*Exercise goal*
Print the data below exactly, but only the lines from the one containing "morgenstond in de" down to the one containing "Maquette de la place centrale de Ruminghem", inclusive.

*The data*
○ ○ ○ ○ ○ ○ ○

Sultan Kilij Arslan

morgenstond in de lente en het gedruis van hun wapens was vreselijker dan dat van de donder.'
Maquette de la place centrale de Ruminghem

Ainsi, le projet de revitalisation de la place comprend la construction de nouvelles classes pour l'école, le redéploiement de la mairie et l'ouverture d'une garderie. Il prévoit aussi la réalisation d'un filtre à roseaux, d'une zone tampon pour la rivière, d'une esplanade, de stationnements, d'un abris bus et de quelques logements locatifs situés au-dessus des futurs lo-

○ ○ ○ ○ ○ ○ ○

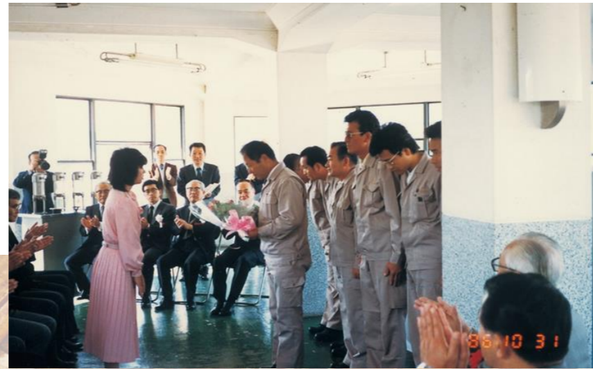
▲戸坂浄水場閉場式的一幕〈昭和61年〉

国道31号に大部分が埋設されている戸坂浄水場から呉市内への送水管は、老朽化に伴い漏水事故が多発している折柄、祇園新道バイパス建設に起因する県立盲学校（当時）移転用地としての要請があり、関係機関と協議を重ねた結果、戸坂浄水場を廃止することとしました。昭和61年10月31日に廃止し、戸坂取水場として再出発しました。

○ ○ ○ ○ ○ ○ ○

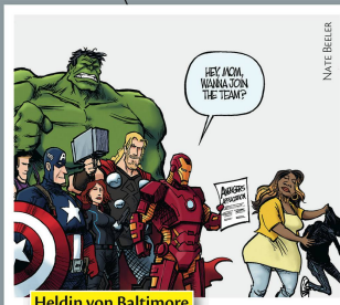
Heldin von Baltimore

○ ○ ○ ○ ○ ○ ○

*Problem solution*
morgenstond in de lente en het gedruis van hun wapens was vreselijker dan dat van de donder.'
Maquette de la place centrale de Ruminghem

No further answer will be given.